The primary object of this invention is to resolve aforesaid disadvantages by providing two unidirectional hinges facing at the same direction to reduce metal friction wearing and to grip tightly by spiral force at the stationary state.
Another object of this invention is to double the durability of the hinge when turning and producing friction reciprocally at different sides, and to provide two sides of the body for fastening use to reduce fabrication and structure costs.
A further object of this invention is to provide different forces when the hinge is opened and fastened so that there is no need for fastening when the hinge is turned in one direction. The reaction force may restore the elastic force at another side. Hence there is no metal fatigue even under repetitive using. The hinge may have a longer durability.
Still another object of this invention is to provide a dual same-direction construction to maintain one way friction during reciprocal movements thereby to avoid the conventional two-way friction wearing and metal fatigue.
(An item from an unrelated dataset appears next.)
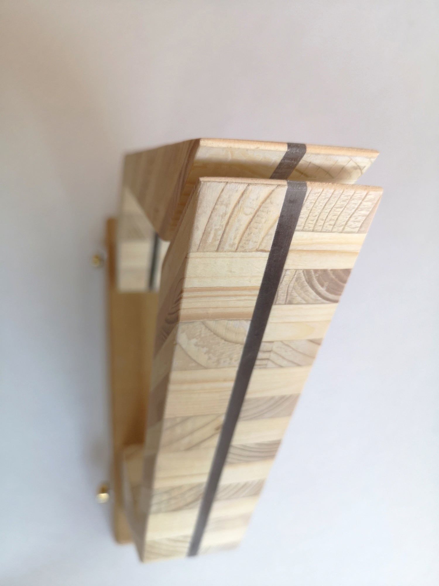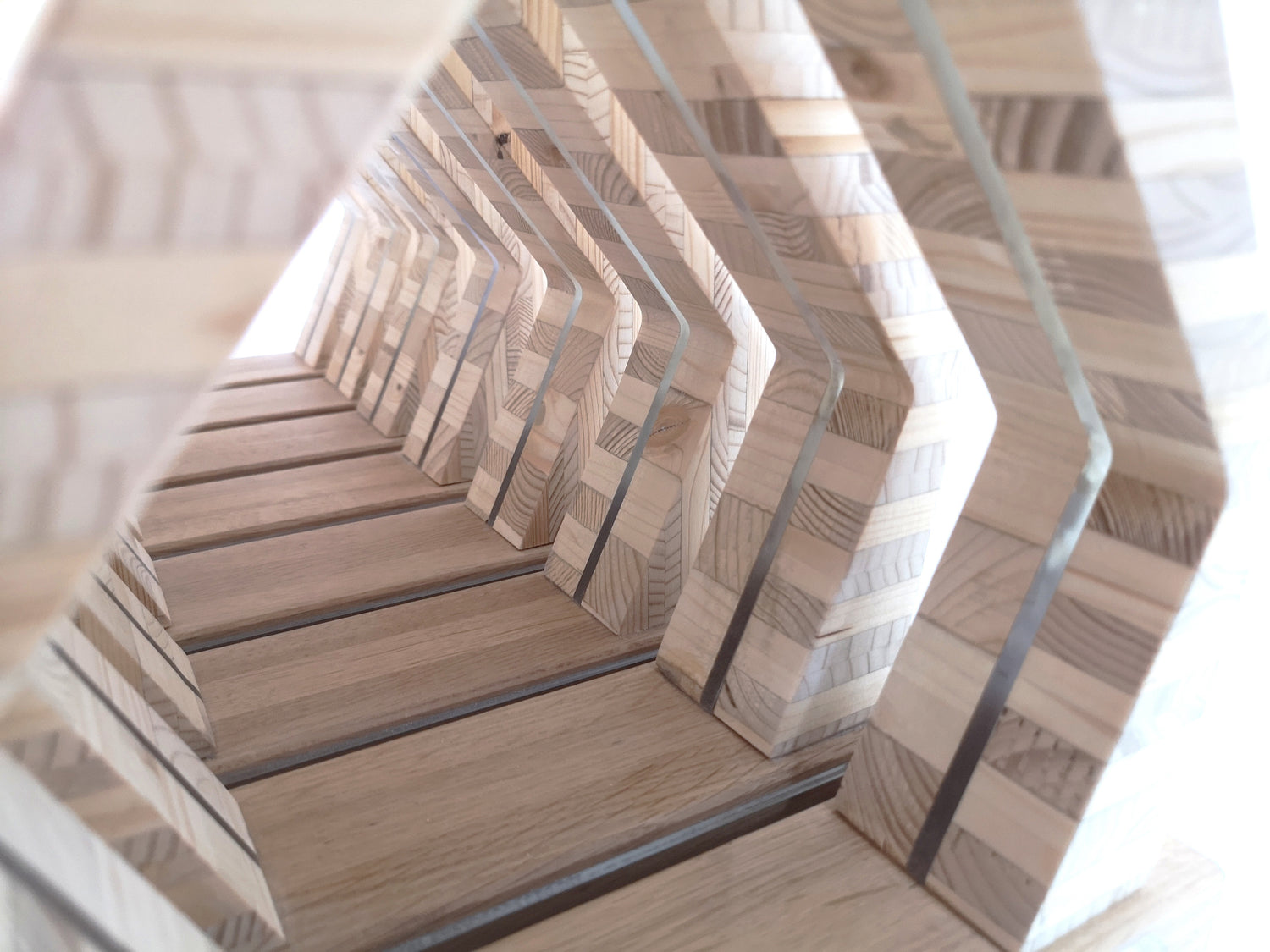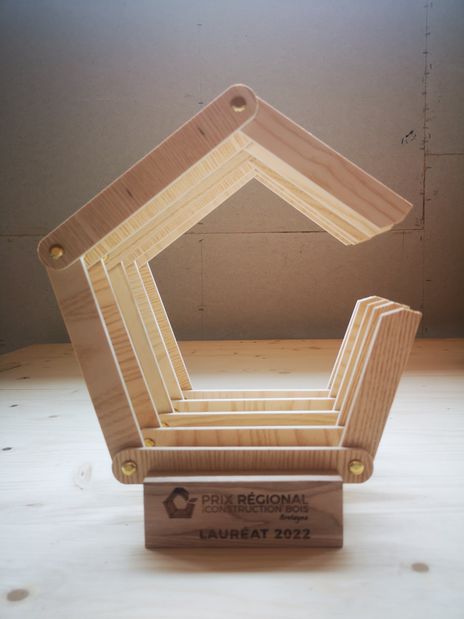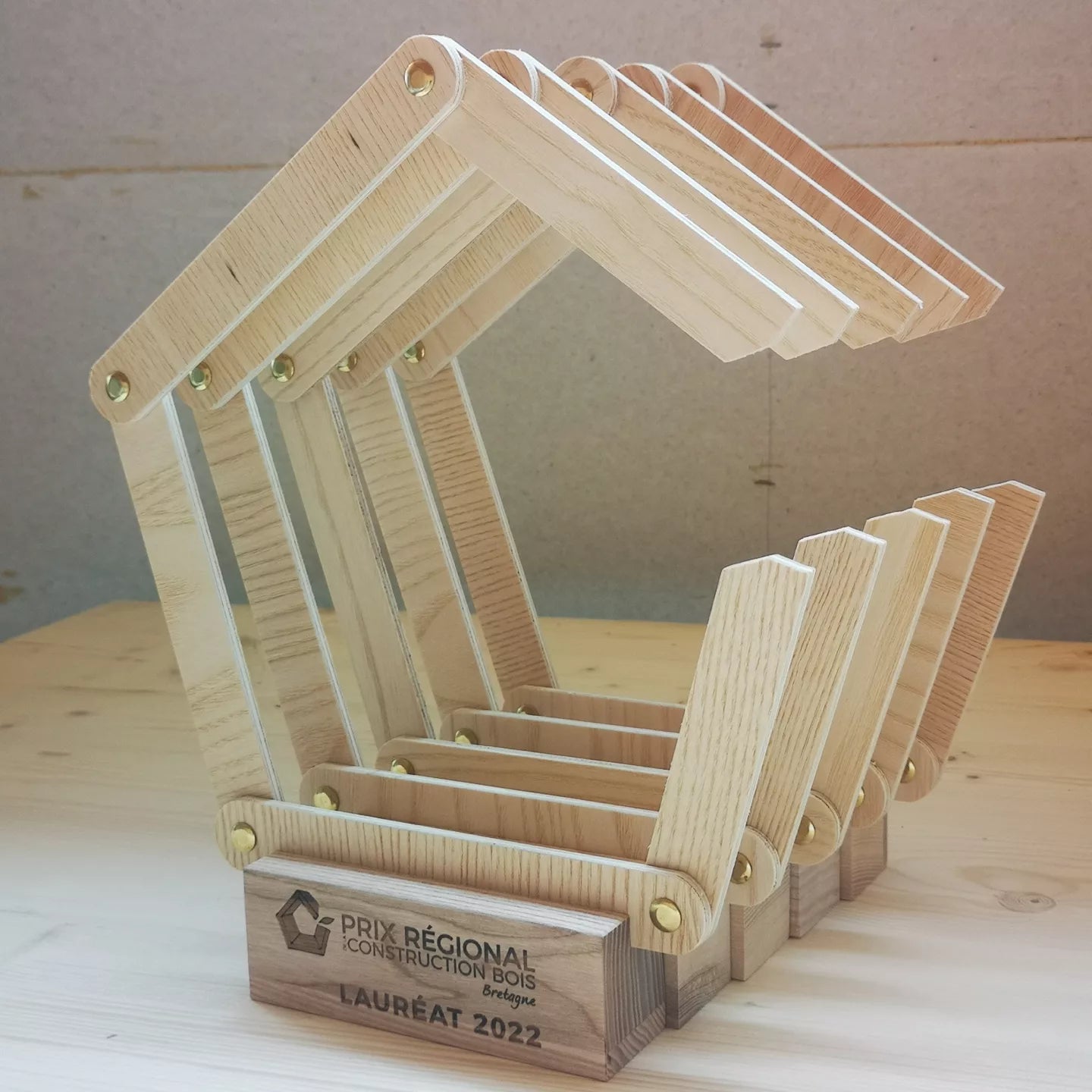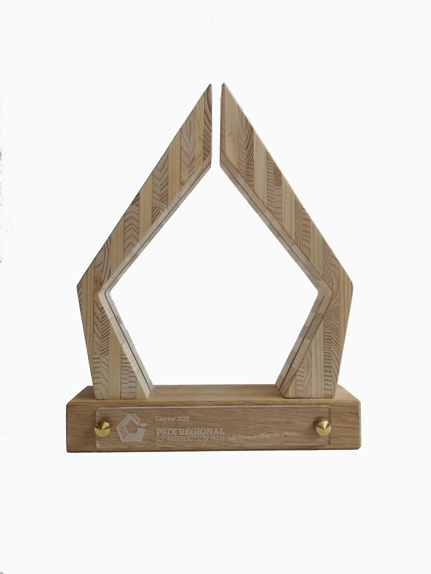 Le lamellé-collé à plis croisés, constitué de plis en bois de bout et de plis en bois de fil, offre un visuel singulier et une identité forte à ses trophées qui valorisent les métiers du bois.

BRIEF DESCRIPTION OF THE DRAWINGS
In order to attain the foregoing objects, the hinge of this invention includes a pivot pin and two rotary members pivotally engaged with the pivot pin at the same direction. Each rotary member has a fastening section connecting a pivot barrel which is pivotally engaged with the pivot pin. The pivot barrel has an edge which forms an action gap with the juncture of the fastening section and the pivot barrel. When one of the rotary members is turned, the action gap of the turning rotary member becomes an open state while the action gap of the non-turning rotary member becomes a closed state and grips the pivot pin tightly, therefore to form an unidirectional hinge that is fastened at the same direction.
The invention, as well as its many advantages, may be further understood by the following detailed description and drawings, in which:
FIG. 1 is a perspective view of this invention.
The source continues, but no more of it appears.